In a previous post, I laid out the process of setting up TensorFlow for CPU based model training. However, as this graph shows, the GPU is significantly faster at this process. That’s why I’m documenting my attempt to install the GPU based version of TensorFlow on an HPC.
Effectiveness of GPU vs CPU in Model Training
- Start dangerously modifying graphic card drivers straight away.
- Have your boss wisely recommend the merits of using Docker.
- Reluctantly begin researching Docker.
- Gradually realize the merits of using Docker.
Install the necessary prerequisites, Docker, and Nvidia-Docker which takes care of setting up the Nvidia host driver environment inside the Docker containers and a few other things.

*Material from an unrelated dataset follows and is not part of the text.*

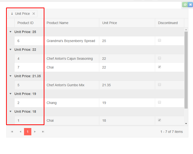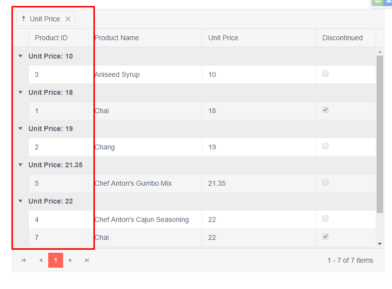 But Sorting on UnitPrice does not work, i.e. I expect to see the group header to show highest UnitPrice (e.g. Unit Price: 25) for descending order as first group header of the grid.

Nvidia-Docker has the additional prerequisite of requiring an installation of an Nvidia driver and CUDA. CUDA is the API that allows the use of GPU for general computing.

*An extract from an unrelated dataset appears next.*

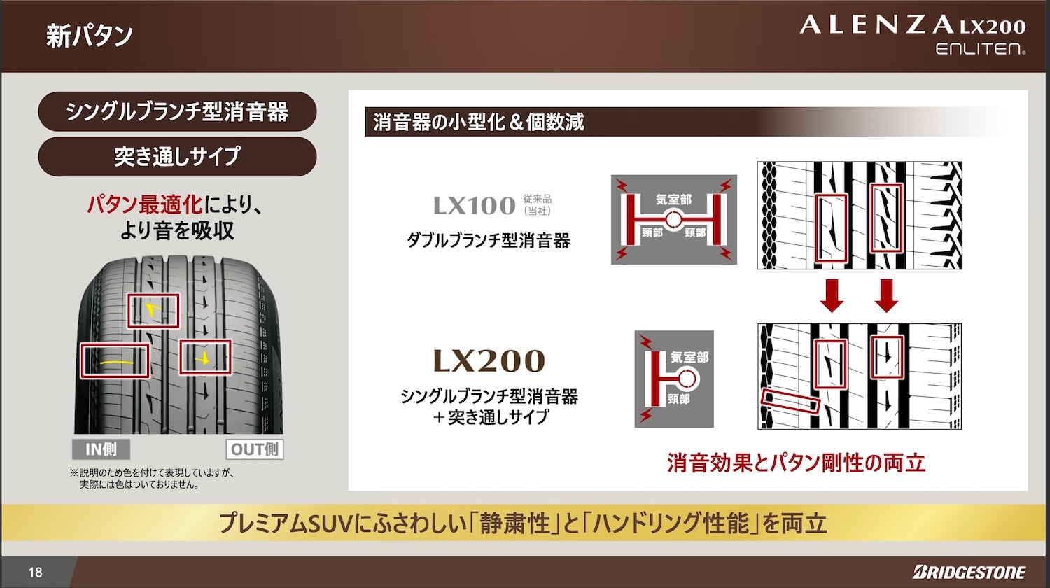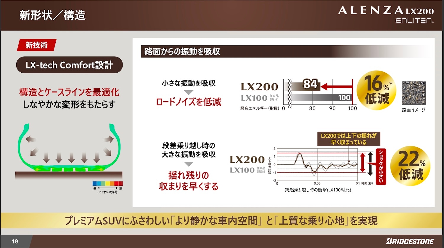 ブリヂストンのSUV向けプレミアム・コンフォートタイヤ「アレンザ」の第2世代がデビューした。初代のアレンザLX100の後継モデル「アレンザLX200」は、ブリヂストンのタイヤ基盤技術であるENLITEN(エンライトン)をベースに、より上質な乗り心地や静粛性を高めて登場した。 そのアレンザLX200をテストする環境があったのでお伝えしよう。まずは専用のテストコースで、車両のふらつきや、応答性、リヤの追従性、揺れや振動の収束、そして直進安定性をみることができるコースで試乗した。車両はレクサスNX350hとハリアーを使ってLX100との違いも体験することができた。 SUV用プレミアムコンフォートタイヤ「アレンザLX200」 コースでは40km/hのスラローム、60km/hでのレーンチェンジでハンドリングの違いを体験。LX100に対し新商品のLX200では滑らかさとしなやかさが全然違うことを感じる。後に開発エンジニアに聞けば、キビキビした性能ではなく、しなやかさ、素直さ、そしてスムースに走ることを狙って開発しており、キビキビした性能であればアレンザ001というスポーツ系のタイヤがあると説明していた。 次に乗り心地 […]

Before installing new drivers, check to see whether they are already installed.
Nvidia Driver check:
$cat /proc/driver/nvidia/version OR nvidia-smi
$cat /usr/local/cuda/version.txt OR nvcc --version
If these drivers do not work, remove them completely before attempting fresh installs. I used:
sudo apt-get remove --purge cuda*
sudo apt-get remove --purge nvidia*
The process of installing these drivers can be found here. Complete steps 2.1-2.4 and then 3.6. For my OS, I followed the recommended specifications from TensorFlow’s own website found here. Rebooting after installing any Nvidia graphics driver is essential, don’t forget. Then test that the drivers are working using the commands mentioned above.

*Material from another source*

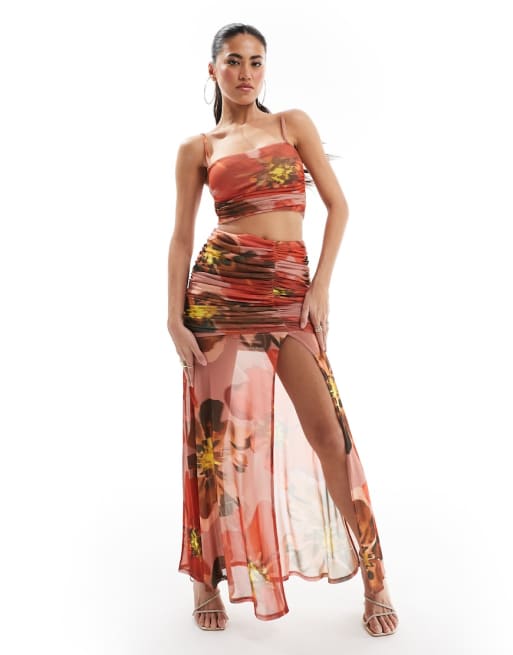 ASOS DESIGN co-ord mesh ruched cami & skirt in large scale floral print

The next step is to pull a blank Ubuntu image using the command
docker pull ubuntu
To run the image:
sudo nvidia-docker run -it -p 6006:6006 -v /sharedfolder:/root/sharedfolder ubuntu:latest bash
To save the image after any modifications you make, use the docker commit command, note that images and containers can take up a lot of space. Use
du -hto check how much space is left on your drive. Once inside the docker container. I began to setup the necessary libraries, packages and software:
Replace the original models folder with the latest one from Tensorflow
Download the CUDA and CUDNN drivers for the ubuntu image as well and install them
Carry out training
Export/Freeze model into a usable state (Replace #### with the number of the latest model.ckpt file)
You can now test this model using tensorflow’s own object detection tutorial code. You’ll have to change the paths in boxes 5 and 9.